86. On July 28, 2003, Able issued a press release entitled “Able Laboratories Reports
Record Second Quarter 2003 Results,” which stated in relevant part:
ABLE LABORATORIES, INC. (Nasdaq NMS: ABRX, BSE: AAB), today announced financial results for the three months ended June 30, 2003. For the second quarter of 2003, the Company reported net sales of $18.9 million, a 51.6% increase compared to net sales of $12.5 million for the second quarter of 2002, primarily due to higher demand for the Company’s expanded product family and new product approvals. The Company also reported operating income of $4.5 million for the second quarter of 2003, an 83.9% increase compared to operating income for the second quarter of 2002 of $2.4 million.

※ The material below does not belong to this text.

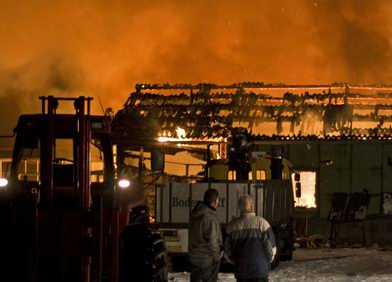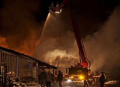| De zwarte rookwolken verdwenen al vrij snel en de tint vernaderde naar grijs-wit. Het publiek werd middels een politie-afzetting op vrij grote afstand gehouden. Waterwinning bleek geen probleem: de loods lag op een steenworp afstand van de haven. Over de oorzaak en de omvang van de schade is nog niets bekend. |
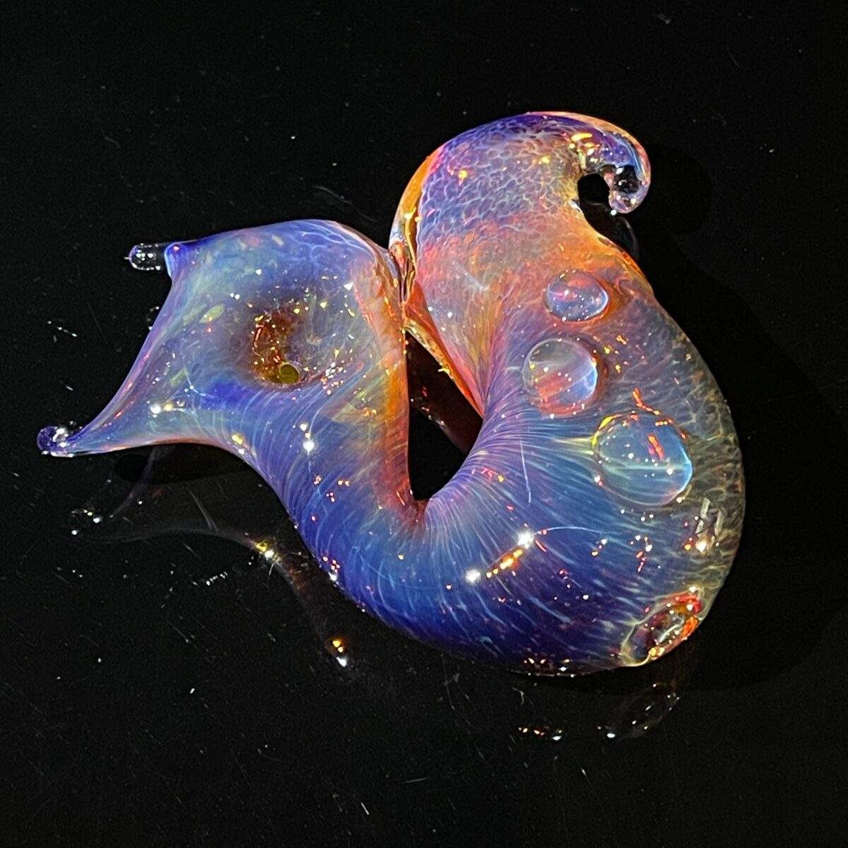 The organic shape curls perfectly in your hand with delicate swirls cresting the edges like waves. The fume technique used only heightens the magical feel of this pipe, as the colors change and burst with every smoke session. The three marbles on the top make it feel nice in your hand and add to the whimsical shapes and features of this pipe.

Gross profit was $9.0 million for the quarter, an increase of 51.7%, versus $5.9 million for the second quarter of 2002….
… The Company received 5 [ANDA] approvals during the second quarter of 2003 and currently has 11 ANDAs pending approval by the [FDA] representing approximately $300 million in total market size. In addition, the Company has 23 projects currently under development addressing a total market of approximately $2.9 billion.
* * *
Excluding the provision for income taxes, the Company earned $4.0 million for the second quarter of 2003 versus second quarter of 2002 pre-tax income of $2.3 million. This represents a 72.0% increase in pre-tax income when compared to the second quarter of 2002.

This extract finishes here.